Sunday, May 07, 2006

Winnipeg: Royal Crown Tower

As I leave the Winnipeg Art Gallery, the humid air that had accompanied me all morning is beginning to break. A shop front thermometer had told me that it touched 26 degrees today, and the humidity suggested a thunderstorm would be brewing. Sure enough, as I walk towards the Manitoba Legislative Building, rumbles of thunder start to be heard. I begin to be able to perceive the light sky flashing to a strike of lightning. Looking around for shelter, my eyes fix on a target - not exactly close, but a good place to shelter from the approaching storm.

As I walk down York Avenue, a roll of thunder shook the street, and sets off a car alarm. I quicken my pace, and head straight for my destination - the recognisable silhouette of that compulsory feature of every major Canadian cityscape: a revolving restaurant.
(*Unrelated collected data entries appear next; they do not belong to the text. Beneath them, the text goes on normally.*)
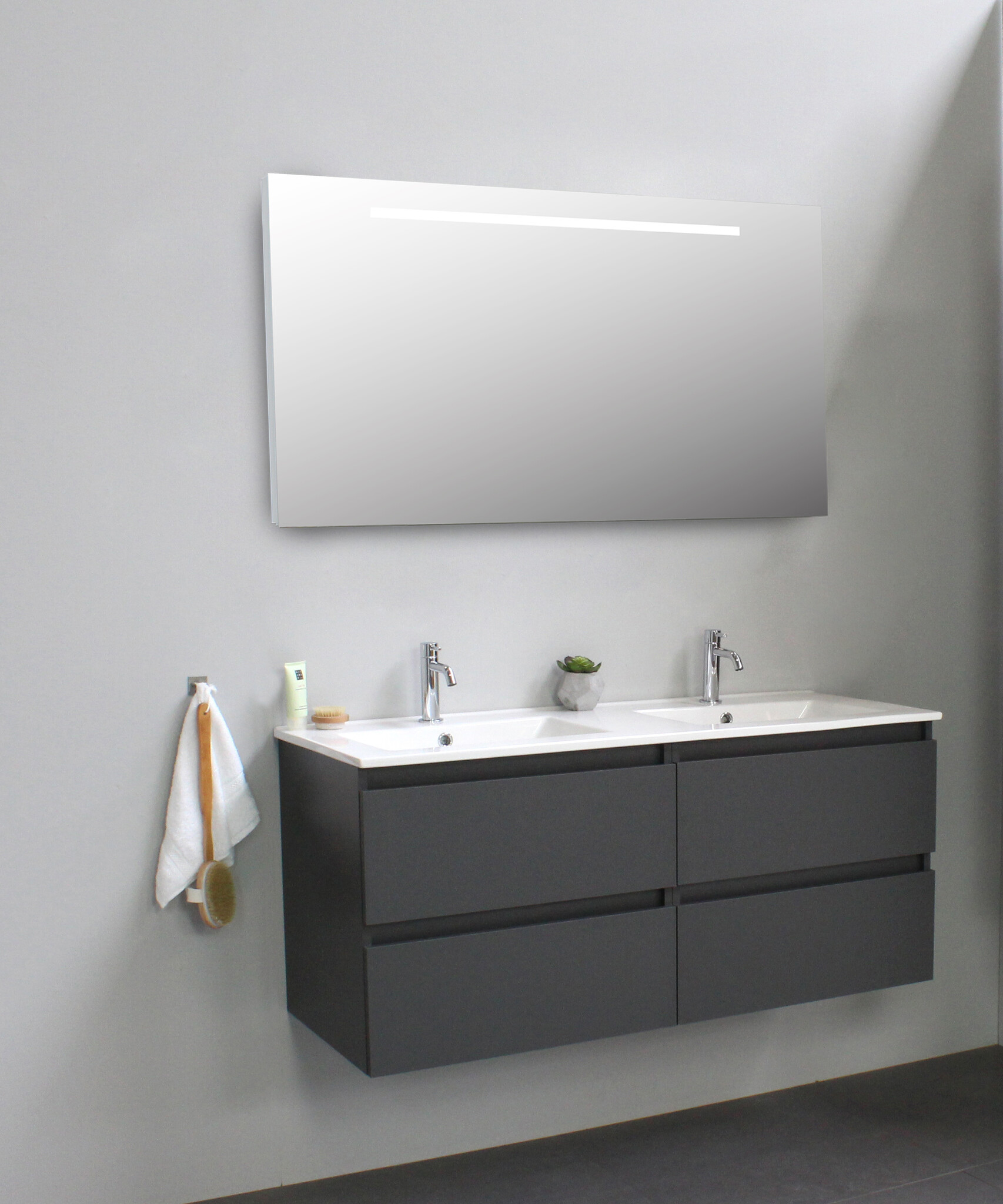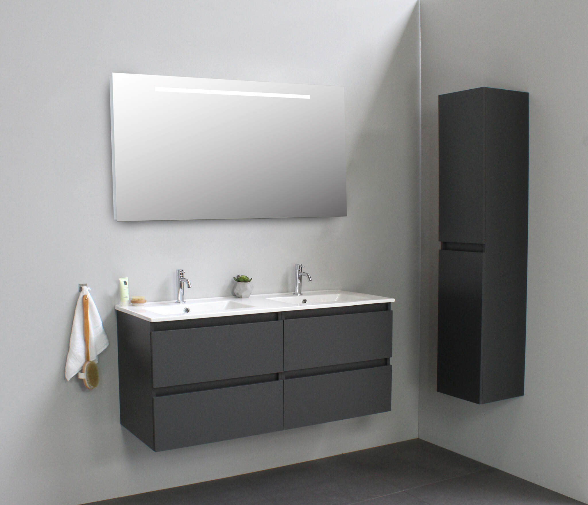 Solidline badkamermeubelset | 120cm | Keramiek | Wit | 2 | Mat antraciet | Spiegel met LED verlichting | Bouwpakket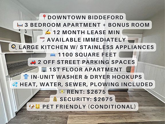 This 1100 square foot apartment home has 3 bedrooms and 1.0 bathrooms. This home is located at 32 Pool St UNIT 101, Biddeford, ME 04005.
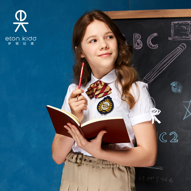 伊顿纪德校服女童学生短袖衬衫儿童白色衬衣24年夏新班服09C226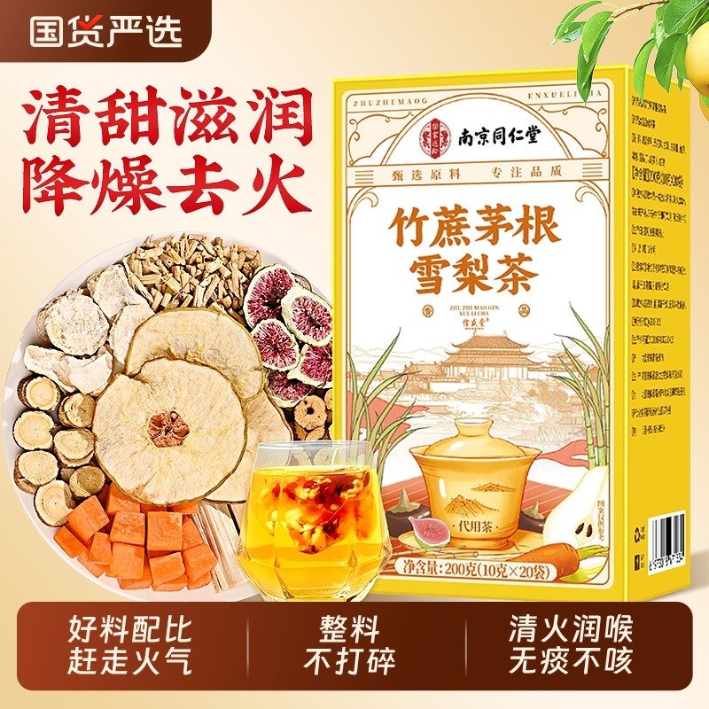 🍁同仁堂竹蔗茅根马蹄水雪梨秋冬润燥小吊梨汤养生茶!💖超值券后价来啦!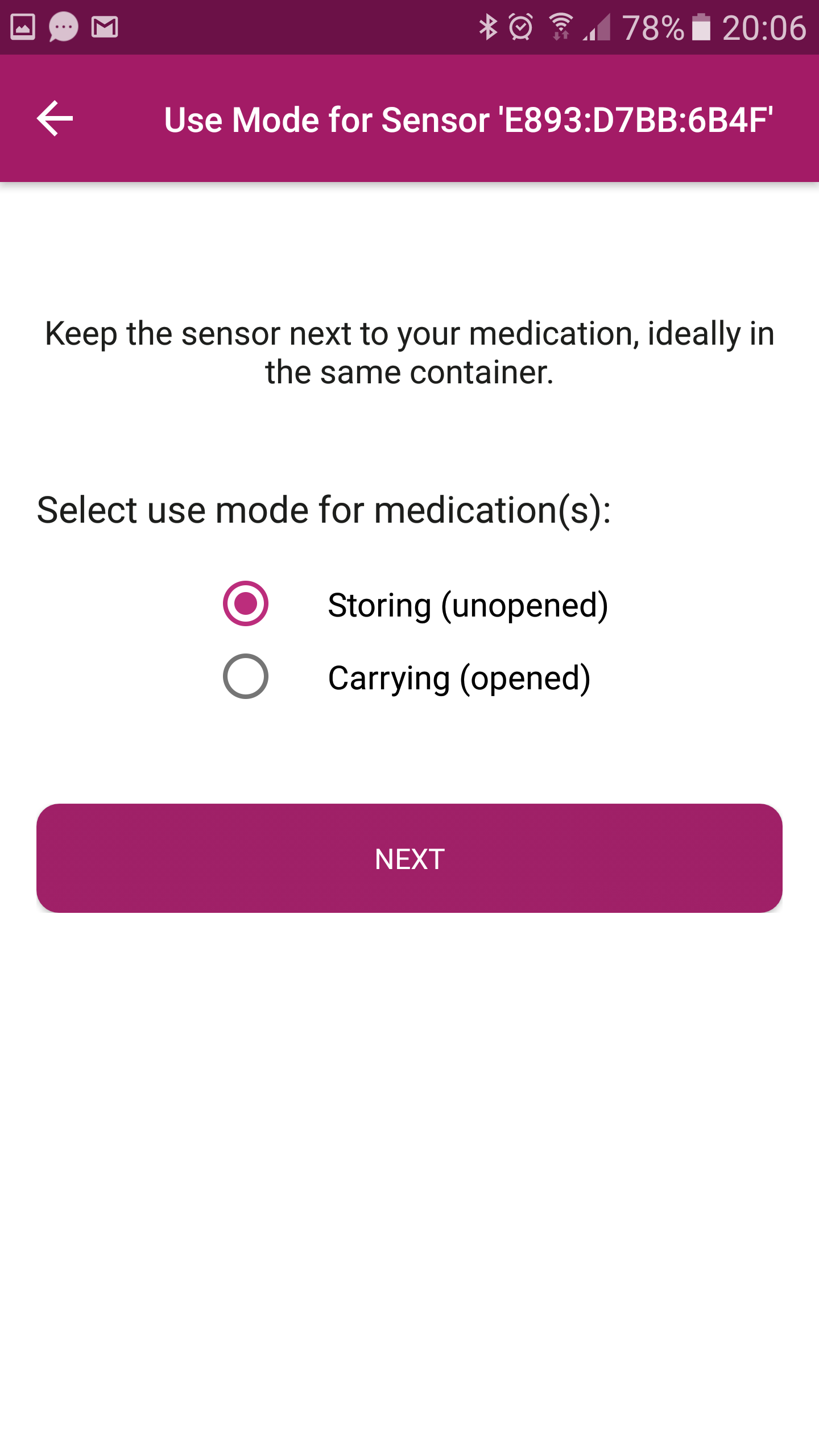 - Select what you will be using the sensor for, either storing or carrying insulin

Thirty storeys above Winnipeg, you can find the Royal Crown Rotating Restaurant and Lounge on top of the Royal Crown tower. It's just behind the Fort Garry Hotel, off Broadway Avenue. I find the entrance and take the elevator straight up. The lounge is quiet, with just an eldery couple taking afternoon tea. For such a modern building, the decor was somewhat.... er.... confusing. Fake embroidered tapestry fabric on chairs that I used to see brought in in bulk for weddings back home; cheap looking chandeliers hanging above the tables; and to set it all off, a strip of lace curtain lining the top of the panoramic windows.

Someone shoot the interior designer...

But that's not what I'm here for. I take a seat, ordered a beer, and begin to rotate. The storm's heart passes to the south and east of the city centre. I do two full rotations, watching the grey clouds thicken and then disperse, watching clouds of rain fall onto the city's suburbs. I'm drinking a bottle of local ale - Fort Garry Dark Ale to be precise. It's always a pleasure to drink a local brew when visiting a new city.
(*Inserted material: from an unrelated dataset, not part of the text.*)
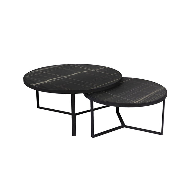 Naira Set of 2 Wood & Metal Tables – Matte Black & Black Marble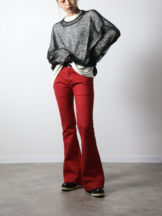 ジンバブエコットン ベルボトムジーンズ レッドカラーデニム/ユニセックス

The waitress tries to interest me in the menu, but I'm not hungry. I stay for an hour or so, waiting for the weather to calm. It's on my second rotation that I notice the west bound 'Canadian' has arrived at the station below me. I take a few fuzzy photographs of it below me, and imagine a couple of well to do retired holiday makers looking up, and making some witty remark about how every Canadian city seems to have a revolving restaurant.

When the rain clears, I pay the small bill and head downstairs. $4.75 is a bit steep, but then you I did get a pretty decent view with it.